DocuMind is a full-stack, context-aware, hallucination-resistant Retrieval-Augmented Generation (RAG) platform engineered for high-stakes document analysis. The system provides an end-to-end pipeline from PDF ingestion and metadata-preserving chunking, through hybrid dense+sparse retrieval, to multi-turn conversational answering with streaming generation. Responses are emitted with low perceived latency (sub-second TTFT in local deployments) and include verifiable, page-level citations so every generated claim can be traced back to source evidence.
flowchart TD
A["PDF Upload"] --> B["Chunking + Metadata Extraction"]
B --> C["Vector Index (Chroma) + Lexical Index (BM25)"]
D["Next.js UI Chat"] --> E["Conversational Query Reformulation"]

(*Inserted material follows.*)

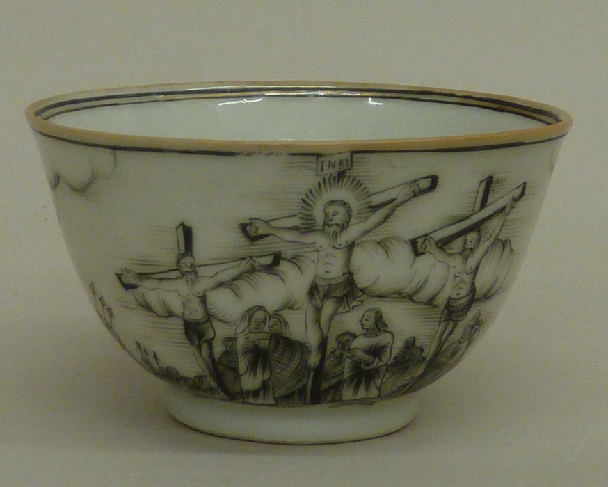 Servies, 36-delig, waarop voorstelling van calvarie, kopje

E --> F["Hybrid Retriever"]
C --> F
F --> G["Single-Pass Streaming LLM (Tool Calling)"]
G --> H["Client Stream (SSE + Citations)"]
DocuMind uses overlapping recursive text splitting to balance recall and precision: overlap reduces boundary-loss when facts span chunk edges, while bounded chunk size keeps prompt context predictable. Metadata is preserved and normalized at chunk time (document_id, filename, page_number, plus stable chunk identifiers), allowing the generation layer to reference exact source locations. This is a deliberate trade-off: additional metadata handling increases ingestion complexity but materially improves auditability and factual traceability.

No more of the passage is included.